Коль скоро ты, мой друг, ещё не выбыл,
То, значит, у тебя еще есть выбор.
Ведь даже в рамках собственной страны
Дано узнать четыре стороны,
А то и пять, и шесть, и семь, и восемь.
Ты можешь поспешить туда, где просинь,
Ты можешь предпочесть просвету мрак,
Ты можешь, с бега перейдя на шаг,
Увидеть незамеченные грани
Того, сего. Ты можешь быть на грани...
Точно свет на маяке
Чей-то голос вдалеке.
Чей-то слабый голосок,
Как под ветром колосок.
Сквозь белесый полумрак
Я иду за шагом шаг,
Я иду, и не дышу,
И на голос тот спешу.
Отгорели все лучи.
Тихий голос, ты звучи.
В этом мире без лучей,
Дальний голос, чей ты, чей?
Глас людской ли, пенье ль птах,
Пенье ль ветра в проводах?
С чем я жизнь свою связала?
С небесами и с землёй,
И с зарёй, что светит ало,
И с воздушную струёй,
С птичьей стаей, что щебечет,
Заливается, поёт,
Хоть от хворостей не лечит,
Но закиснуть не даёт;
И с султанами сирени,
Что вот-вот сойдут на нет
И отбрасывают тени,
Столь похожие на свет.
А пишу я всегда об одном,
Даже если пишу об ином,
Даже если меняю слова,
Даже если картинка нова,
Даже если о радостях стих,
Всё равно проступает сквозь них
Горстка слов, что молитве сродни:
Боже мой, защити, сохрани.
Снова летняя пора.
Птица серого пера
На моё окошко села,
Нечто звонкое пропела.
Больше нету новостей.
Если хочется вестей,
То придётся научиться
Понимать что молвит птица.
Моё время ушло. Я его проводила.
Было грустно смотреть, как оно уходило.
Как оно уходило средь белого дня,
На планете чужой оставляя меня.
И живу средь чужого цветущего мая,
Только птичек одних без труда понимая.
Ах, спасибо, рассвет, ты меня обнадёжил.
Ты количество светлых дорожек умножил.
Ах, спасибо тебе, ослепительный май.
Столько светлых дорожек, и каждая - в рай.
Ах, спасибо за лютики и медуницу,
И за пёстрый овраг, и за певчую птицу,
И за то, что опять небеса расцвели
И легко вокруг пальца меня обвели.
Ах, человек – ходячая мишень
Для метких пуль, осколочных снарядов,
Для стрел, несущих много разных ядов.
Ты хочешь жить? Ты утром пьешь жень-шень?

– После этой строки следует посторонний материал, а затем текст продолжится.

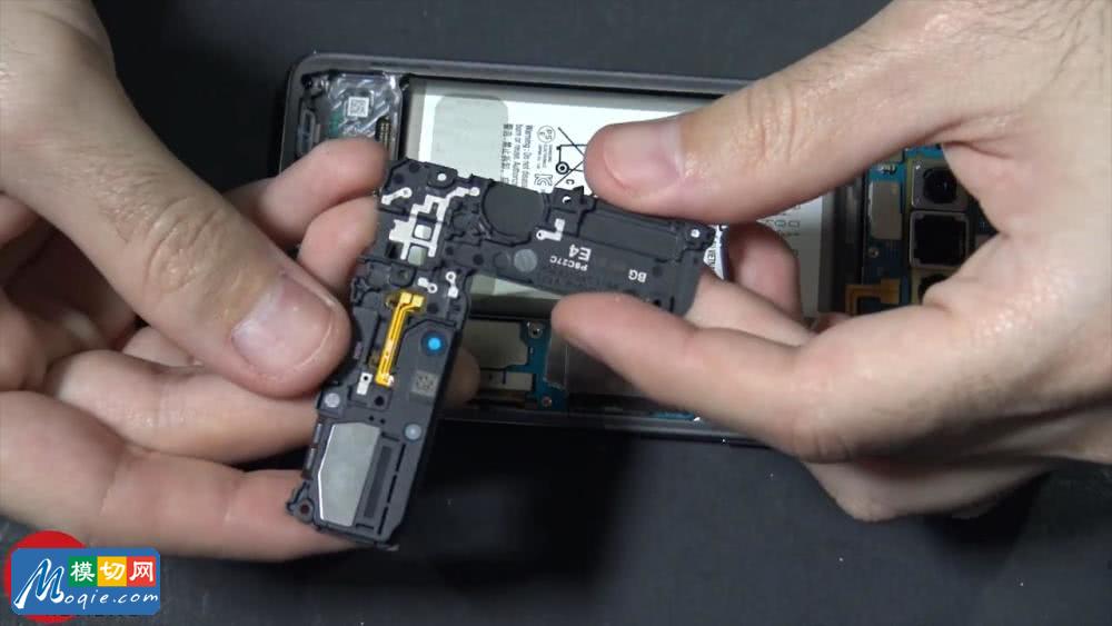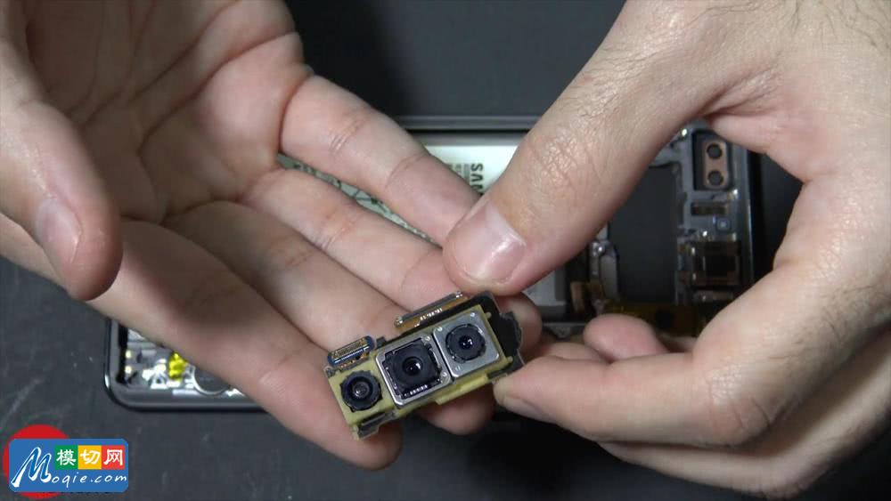 拿掉后壳之后,我们看到了Galaxy S10的内部,首先映入眼帘的是后置三摄像头模块以及用来固定电池的隔板。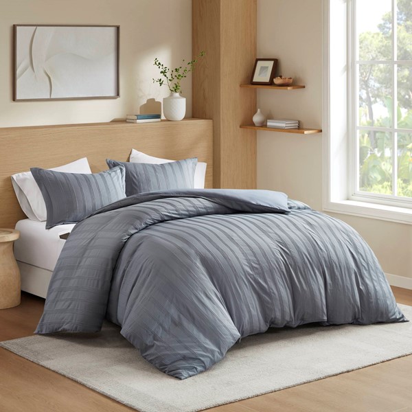 The duvet cover features a hidden zipper for easy insert changes and corner ties to keep everything securely in place. The set includes the duvet cover and matching shams — perfect for layering with your favorite insert.

Напрасно. Не поможет. Не трудись.
Ты лучше завтра облачком родись.
Вы меня слышите там, вдалеке?
Видите, к вам я иду налегке.
Видите, к вам я всё ближе и ближе.
Пёс мой покойный мне руки оближет.
Он не навеки - земной этот кров.
Встретимся с вами без слёз и без слов.
Все мы, с земного сошедшие круга,
Просто затихнем в объятьях друг друга.
Три горчайшие таблетки
Запиваю молоком
И подобно малолетке
Не волнуюсь ни о ком.
Улетучилась тревога,
Испарился мой невроз,
Понемногу, понемногу
Станет жизнь долиной роз.
Три таблетки я глотаю,
Как предписано врачом,
И уже почти летаю,
Не горюя ни о чём.
Я таблетки без облаток
Принимаю три подряд...
Этот сон хорош, но краток.
А проснусь – и снова ад.
Интересно, как долго чирикает птица,
И когда-нибудь голос у птицы садится?
Интересно, надолго ли хватит скворца,
И способен ли он щебетать без конца?
Я пою, лишь пока за окошком светает,
А на тёмную пору меня не хватает.
Если даже попробую петь в темноте,
То легко обнаружу, что звуки не те,
Что не песню пою, а рыдаю, рыдаю
И в кромешную тьму, как в беду, попадаю.
Какой там смертный час, и что такое нети?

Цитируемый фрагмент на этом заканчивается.